▶ [Work order]
Excluding pictures, reproduce word for word the lines from the one containing "객체 또는 객체 스타일에" through the end of the material below.

▶ [The data]

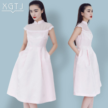 雪国天娇2017夏季新款刺绣时尚中国风茶水服短袖纯色中长款连衣裙
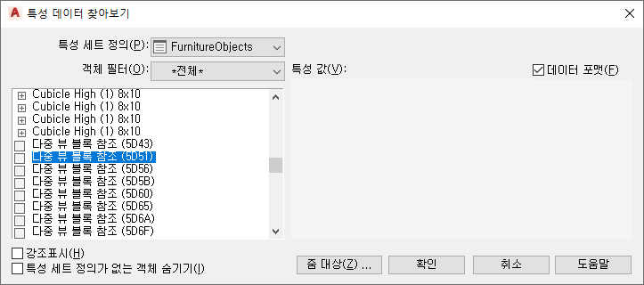 객체 또는 객체 스타일에 부착된 특성 세트를 선택할 때 도면에서 객체 강조하지 않음 | 강조 선택을 해제합니다. |
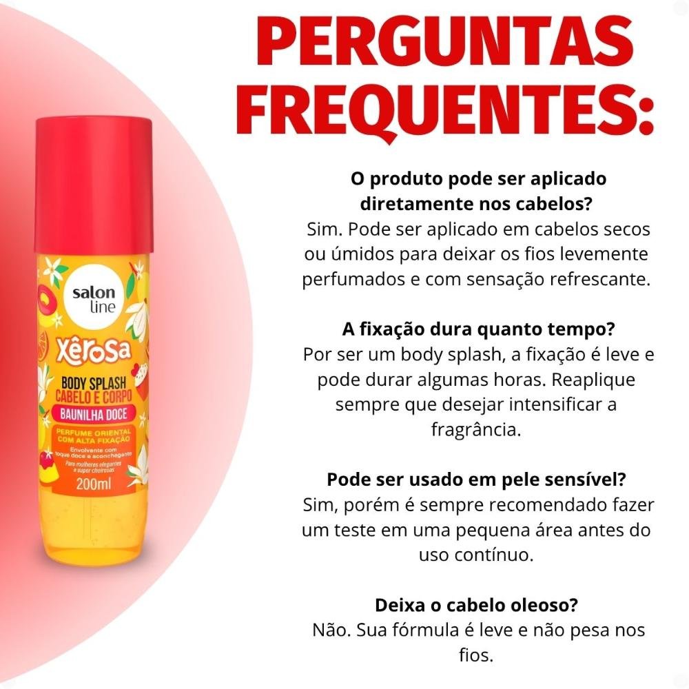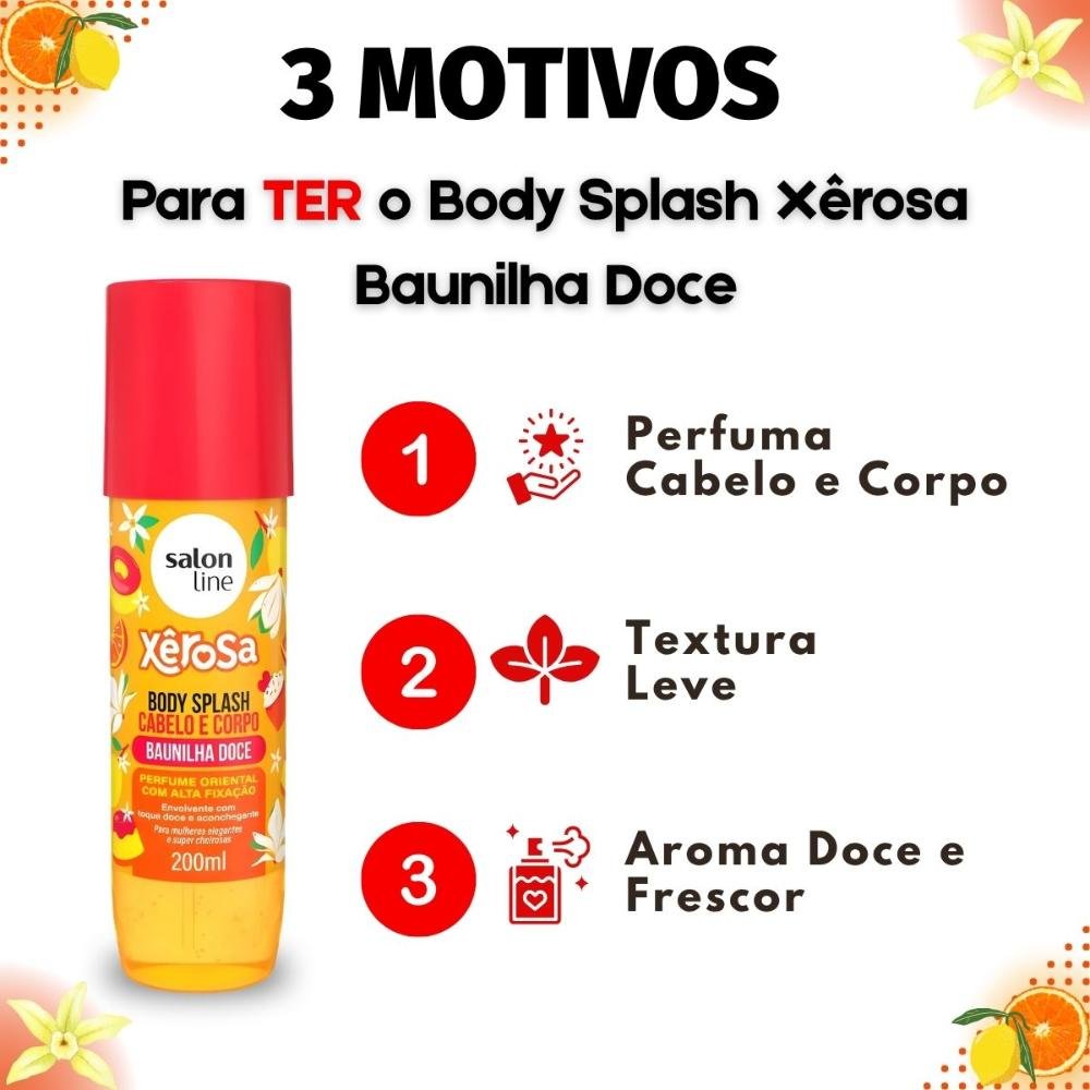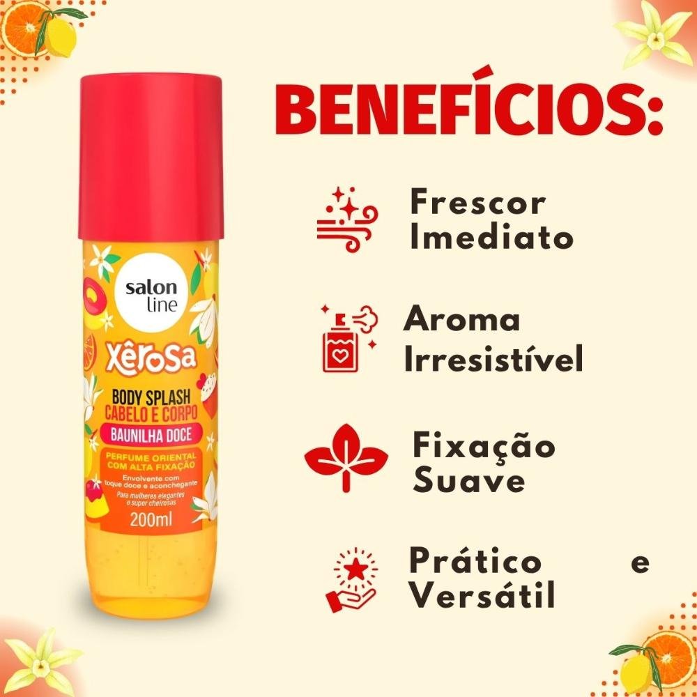 Descubra o encanto e o frescor do Body Splash Cabelo E Corpo Salon Line Xêrosa Baunilha Doce 200ml, a escolha perfeita para quem busca uma fragrância deliciosa e duradoura. Este produto inovador da Salon Line foi desenvolvido para perfumar e refrescar tanto os cabelos quanto a pele, proporcionando uma experiência olfativa única com a doçura envolvente da baunilha.
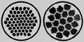 Рис. 1б. Поперечное сечение многожильного комбинированного проводника с 61 нитью (слева) и 1045 нитями (справа) в медной матрице.

▶ [Exercise result]
 객체 또는 객체 스타일에 부착된 특성 세트를 선택할 때 도면에서 객체 강조하지 않음 | 강조 선택을 해제합니다. |
 Descubra o encanto e o frescor do Body Splash Cabelo E Corpo Salon Line Xêrosa Baunilha Doce 200ml, a escolha perfeita para quem busca uma fragrância deliciosa e duradoura. Este produto inovador da Salon Line foi desenvolvido para perfumar e refrescar tanto os cabelos quanto a pele, proporcionando uma experiência olfativa única com a doçura envolvente da baunilha.
 Рис. 1б. Поперечное сечение многожильного комбинированного проводника с 61 нитью (слева) и 1045 нитями (справа) в медной матрице.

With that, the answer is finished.